Whether it is the story of the Last Supper, the Ghost Dance of the First Nations, the  Sufi Sama or the Silver Madonna each culture offers communion.  A transcendent and epiphanic experience that embodies a larger understanding. But it is always a work of art that is the point of contact, the navel from which Vishnu’s lotus springs. In Eastern cultures the Lotus represents many important concepts and appears in countless images and sculptures. One image pervasive to  Hinduism is Vishnu in repose, Lakshmi at his feet, as he dreams the Universe. A lotus grows from his navel and within the lotus is Brahma, the creator.  Everywhere the Buddha steps a lotus  flower blooms. The opening petals embody the expansion of the soul. It embodies the ascension of the spirit from the earthly depths to the light of Heaven, the spirit that cannot be blemished.

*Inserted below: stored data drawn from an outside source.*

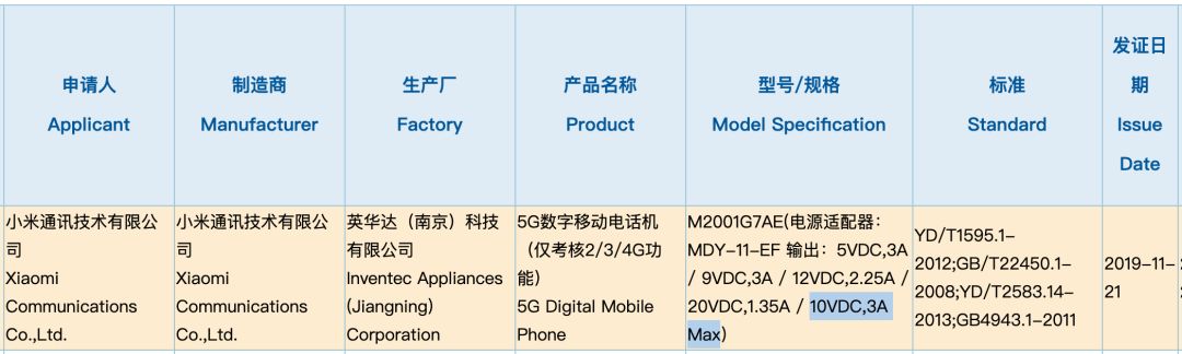另据日前3C认证显示,型号为 M2001G7AE 的 5G 新机对应 Redmi K30 标配持10V/3A 最高30W电荷泵快充,其也是小米CC9 Pro同款充电器。现在就等下个月正式发布了。
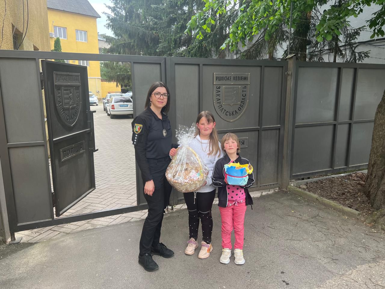На Закарпатті ювенальні поліцейські привітали діток, якими опікуються, з прийдешнім Великоднем
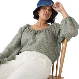 NWOT J.Crew Drapey Tie Front Top in Green Country Floral M
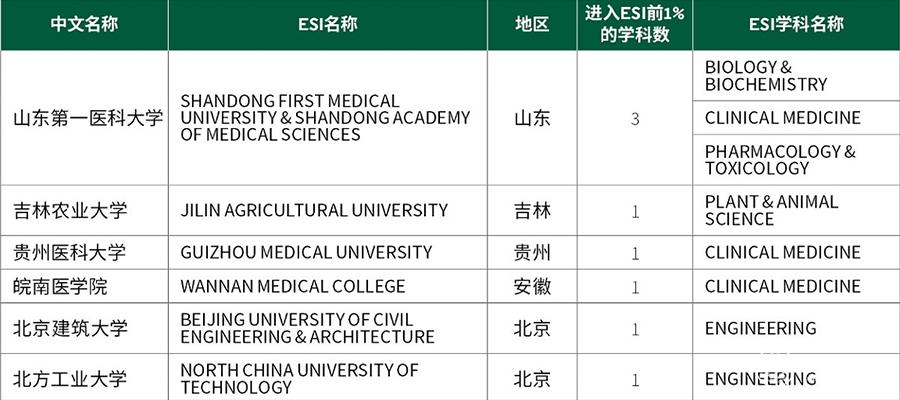 2019年9月新进入ESI前1%行列的中国大陆高校及学科
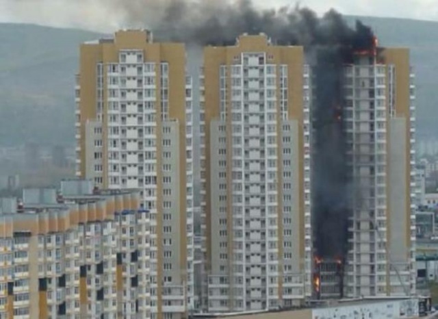 Напомним, в сентябре 2014 г. на ул. Шахтеров загорелся 25-ти этажный дом. Вспыхнул фасадный утеплитель, и за несколько минут огнем оказалось охвачено все здание.
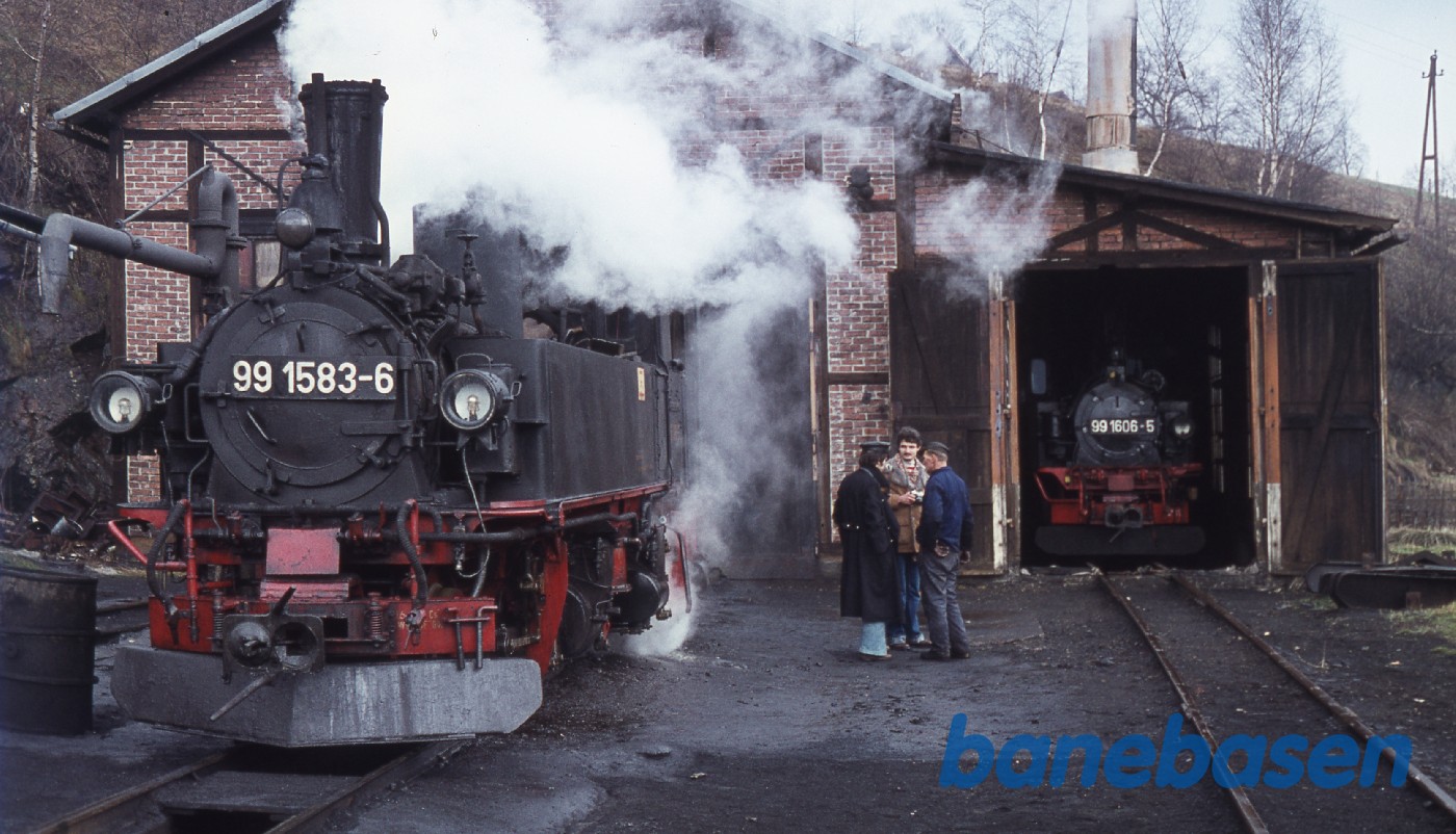 Motiv:Damplokomotivet holder foran remisen i Jöhstadt
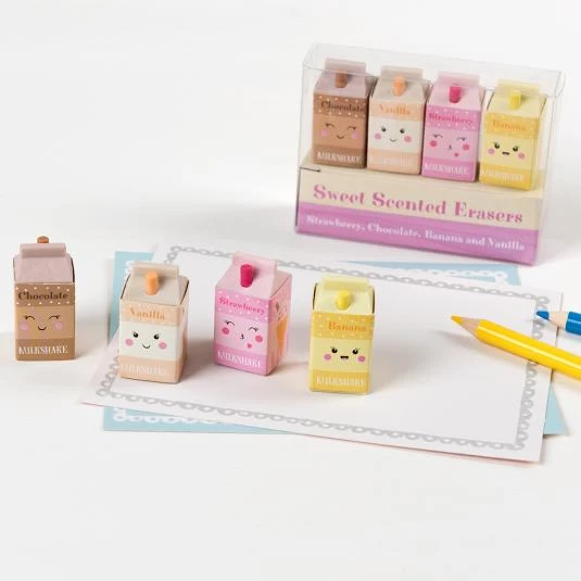 These adorable mini erasers smell as sweet as they look, with a range of classic milkshake scents in each pack.
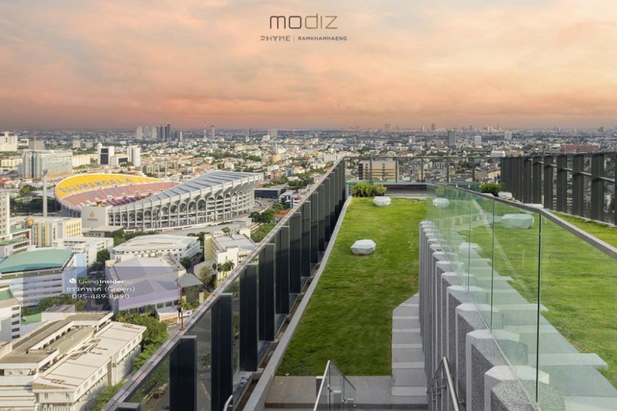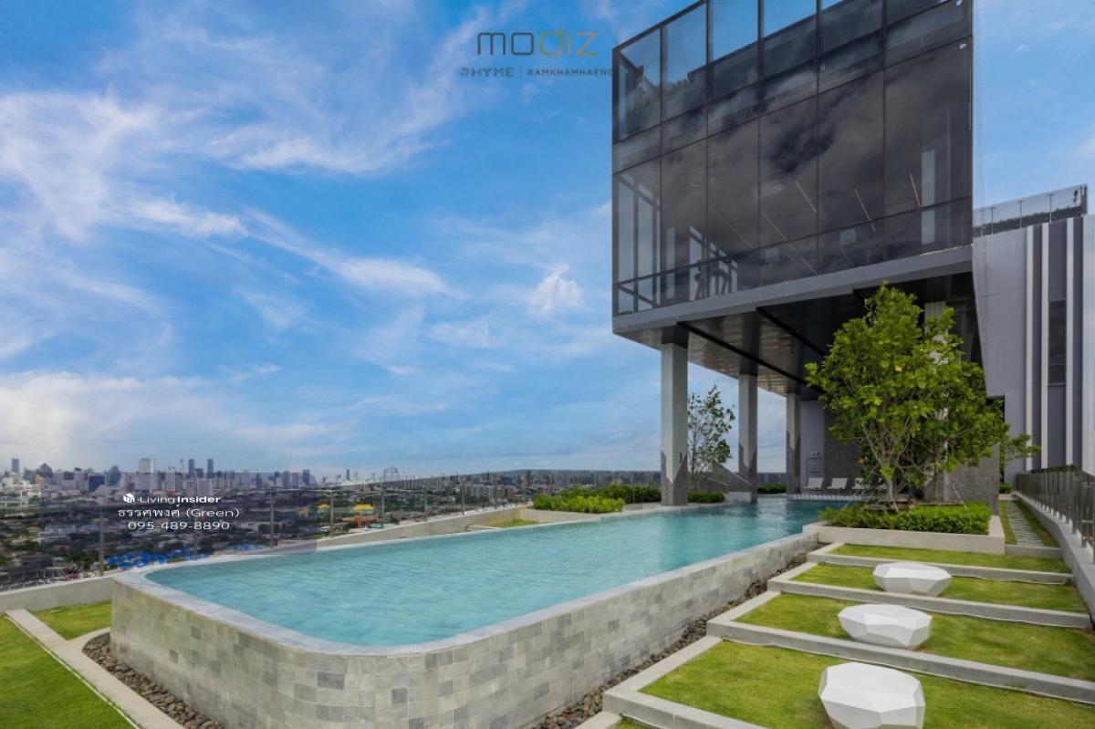 Modiz Rhyme Ramkhamhaeng 0 baht down payment, cheaper than renting, 80 meters from Ramkhamhaeng MRT Convenient transportation, big room, brand new Cheap installment 12,000 baht/month, cheaper than ren
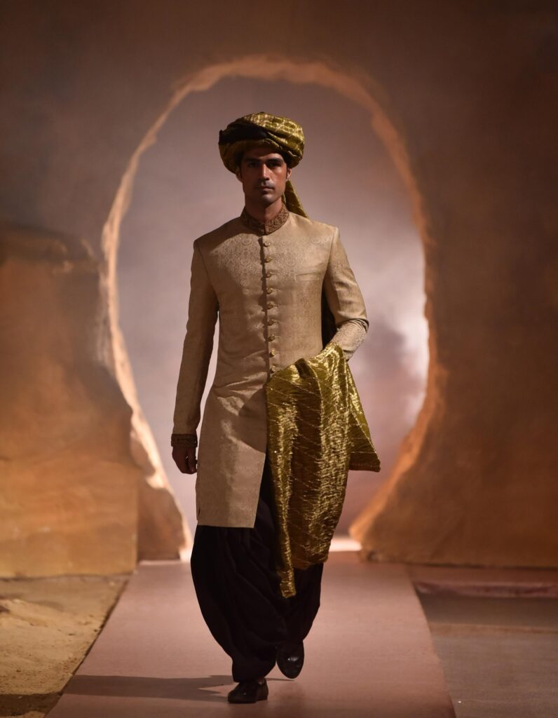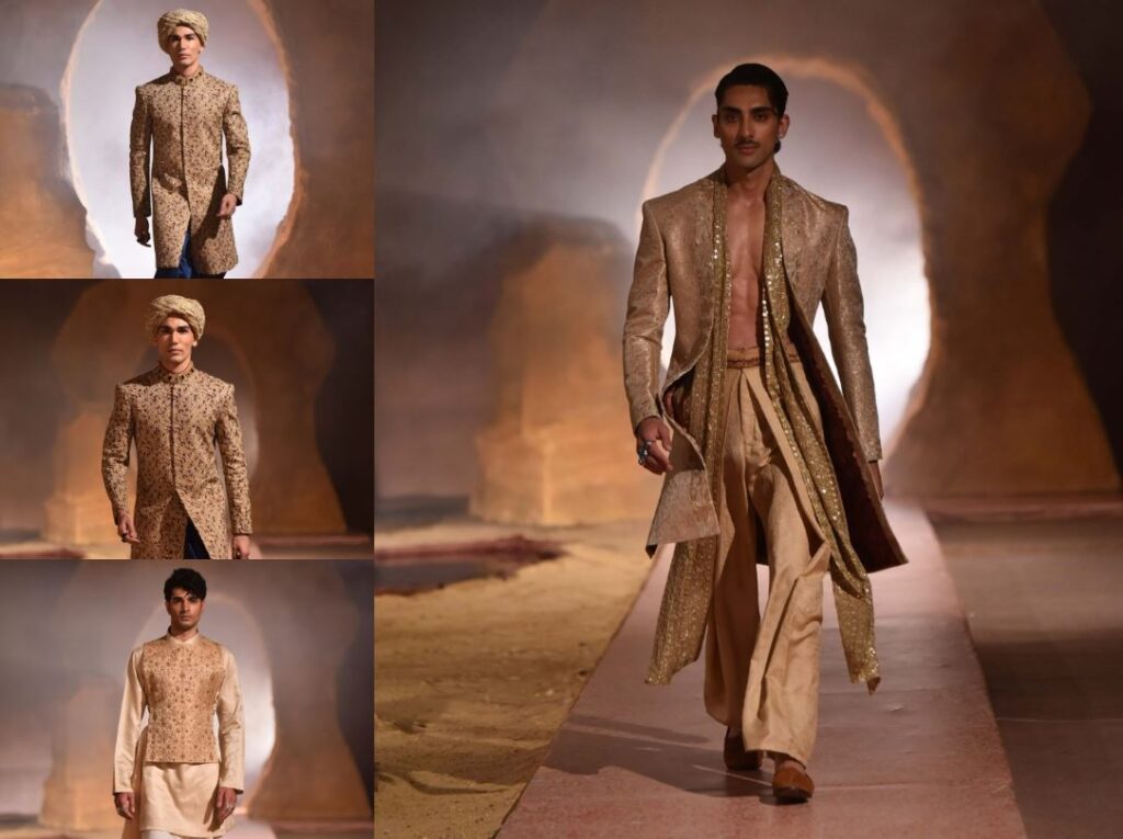 The Nakhlistan Summer 2025 collection showcased earthy desert tones, soft pastels, and dramatic blacks. Designs moved between flowing drapes and structured tailoring, highlighting both strength and grace. Standout features included asymmetrical embroidery, silk linings with custom motifs, and detailed craftsmanship—hallmarks of Parishae’s commitment to authenticity and artistic excellence.
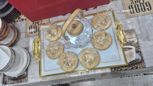 طقم شاي فاخر يجمع بين الأناقة العصرية واللمسة الثقافية الأصيلة، يتكون من إبريق شاي زجاجي شفاف بغطاء ومقبض خشبي أنيق، وستة أكواب شاي متناسقة مع قواعد خشبية دائرية. يتميز كل عنصر في الطقم بزخارف فنية من الخط العربي تضفي عليه طابعاً فريداً يعكس التراث العربي بروح حديثة. مثالي لتقديم الشاي في المناسبات الخاصة أو لإضفاء لمسة فنية على جلسات الضيافة اليومية. تصميمه الشفاف يبرز لون الشاي، بينما تضيف التفاصيل الخشبية دفئاً وأناقة للمظهر العام.

It was the holy book “Outdoor Life Magazine” that led me.  “Lunker Largemouth Lurk Beneath the Lily Pads” proclaimed the cover that featured a Bass with a feathered jig in its mouth soaring above a water lily. It looked just like the five pounder that hung on my friend's wall, and if there was anything my twelve-year-old self wanted it was a stuffed fish I could call my own. I knew just where to go. The east shore of City Lake was covered with Lily pads, completely covered. There was not an opening for my cast much larger than a truck tire and it was nearly impossible to reel in the lure without snagging the pads' long underwater stems.  I decided to try the old standby of bait and bobber. But as it turns out the promised bass were not fond of this combo and I would spend many fishless hours watching the red and white plastic orb float motionlessly. Eventually I left the rod and reel at home and spent the days at the water’s edge amongst the enormous purple, pink and white flowers in solitude
This was my first Aesthetic experience. Something I chose for myself that had no desired outcome save its own existence.  It is here that I learned about the bond of beauty and silence.  I came because those two things dwelled there. I told no one, not even my family, of this. I didn’t know how.  In college I tried. Our Eastern Art class spent a couple of days on the symbolism of the lotus. I found it quite exciting that half the world found significance in the same thing I did. But my understanding of the lotus was very different from the text and since my ideas wouldn’t be on the test they were greeted with a profound blank stare by the circle of friends that study grouped Art History 205.
As an artist I don’t just want to make pretty pictures; I want to give. And if I were to give you anything it would be the experience of being a young boy learning how beautiful the world is. How beautiful he is. We would follow the Tao down to the low places that most avoid and although we would walk through mud to get there, we would not be blemished. We would be there to witness the expansion of his soul. We would travel Vishnu’s universe together. We would never leave this place.
Until I can offer this experience, I will offer you its familiar. I will take paper and ink and paint and whatever else helps me find the image that I have held dear for four decades. I will bind all these things together. I will offer you One Child’s Icon.